Directions -> Every entry must reappear in your answer exactly as written, though its pictures must not.

[Entries taken from a collection]
........
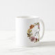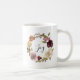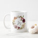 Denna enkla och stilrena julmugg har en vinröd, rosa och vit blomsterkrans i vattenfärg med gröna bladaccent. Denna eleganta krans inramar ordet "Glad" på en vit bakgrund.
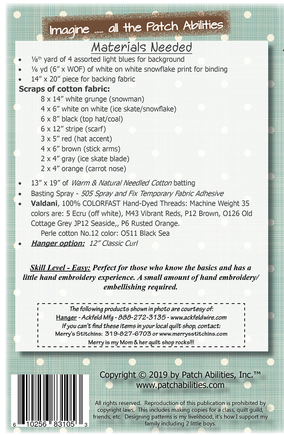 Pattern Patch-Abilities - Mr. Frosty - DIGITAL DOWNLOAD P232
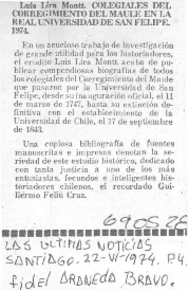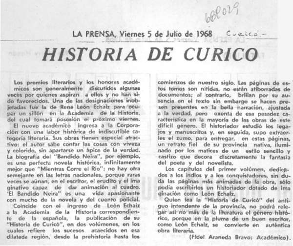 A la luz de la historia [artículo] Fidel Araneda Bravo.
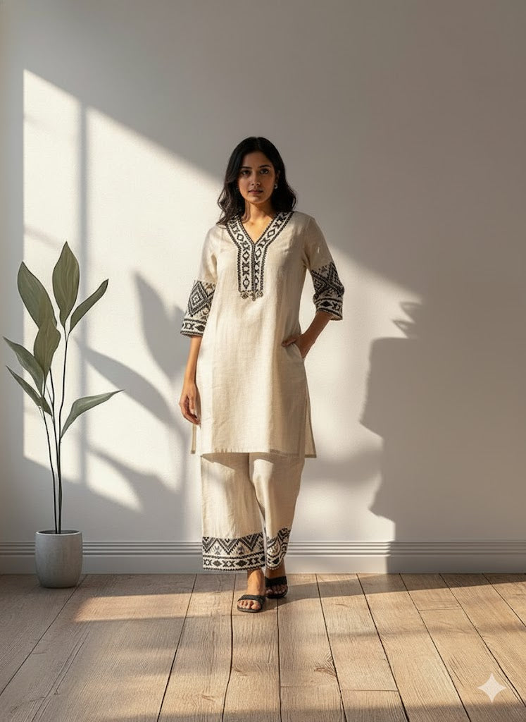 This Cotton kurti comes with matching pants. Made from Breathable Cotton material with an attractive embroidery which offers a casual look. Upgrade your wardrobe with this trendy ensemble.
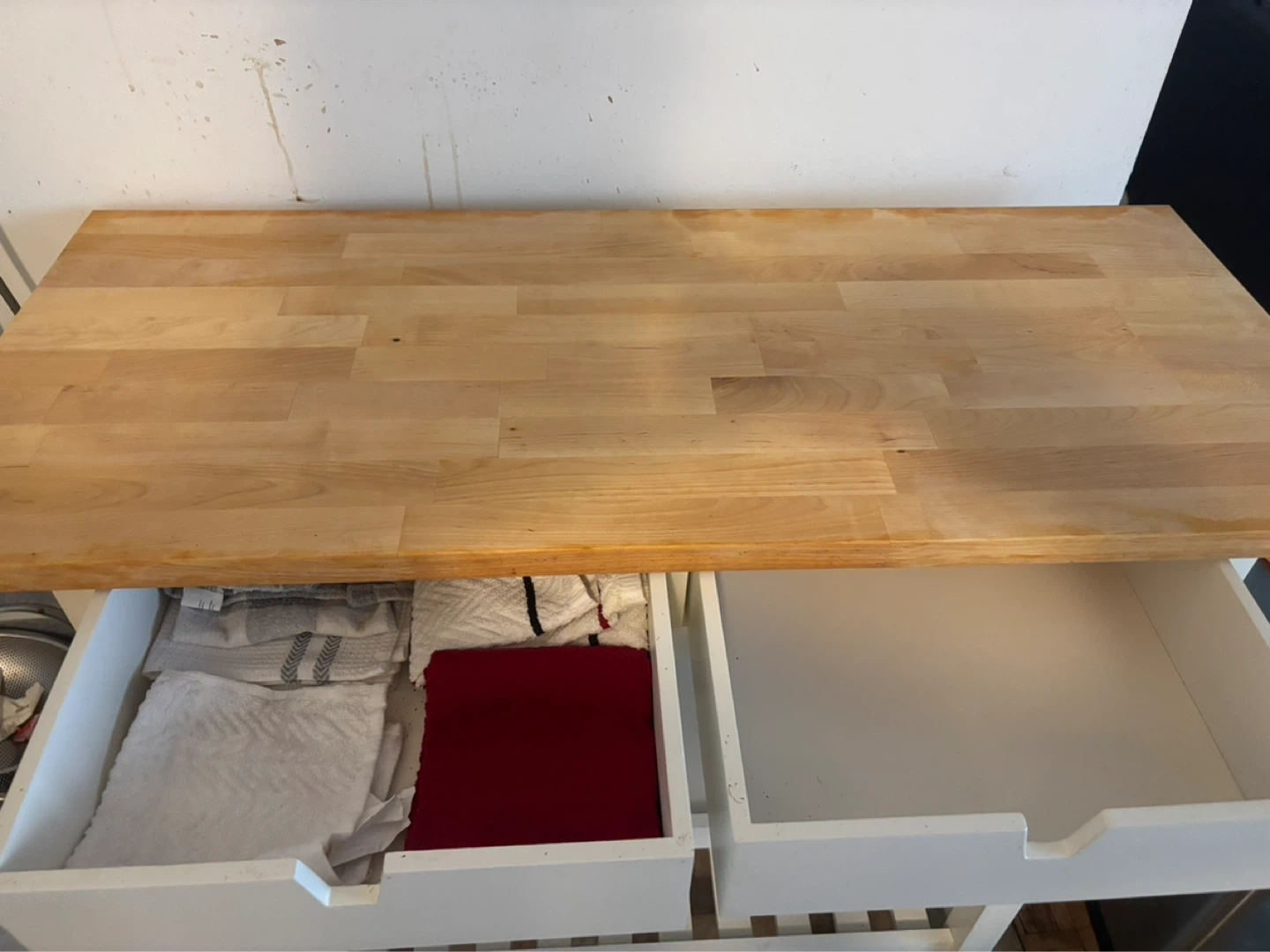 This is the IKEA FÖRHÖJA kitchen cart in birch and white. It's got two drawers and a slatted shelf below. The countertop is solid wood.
........
Task solution ->
 Denna enkla och stilrena julmugg har en vinröd, rosa och vit blomsterkrans i vattenfärg med gröna bladaccent. Denna eleganta krans inramar ordet "Glad" på en vit bakgrund.
 Pattern Patch-Abilities - Mr. Frosty - DIGITAL DOWNLOAD P232
 A la luz de la historia [artículo] Fidel Araneda Bravo.
 This Cotton kurti comes with matching pants. Made from Breathable Cotton material with an attractive embroidery which offers a casual look. Upgrade your wardrobe with this trendy ensemble.
 This is the IKEA FÖRHÖJA kitchen cart in birch and white. It's got two drawers and a slatted shelf below. The countertop is solid wood.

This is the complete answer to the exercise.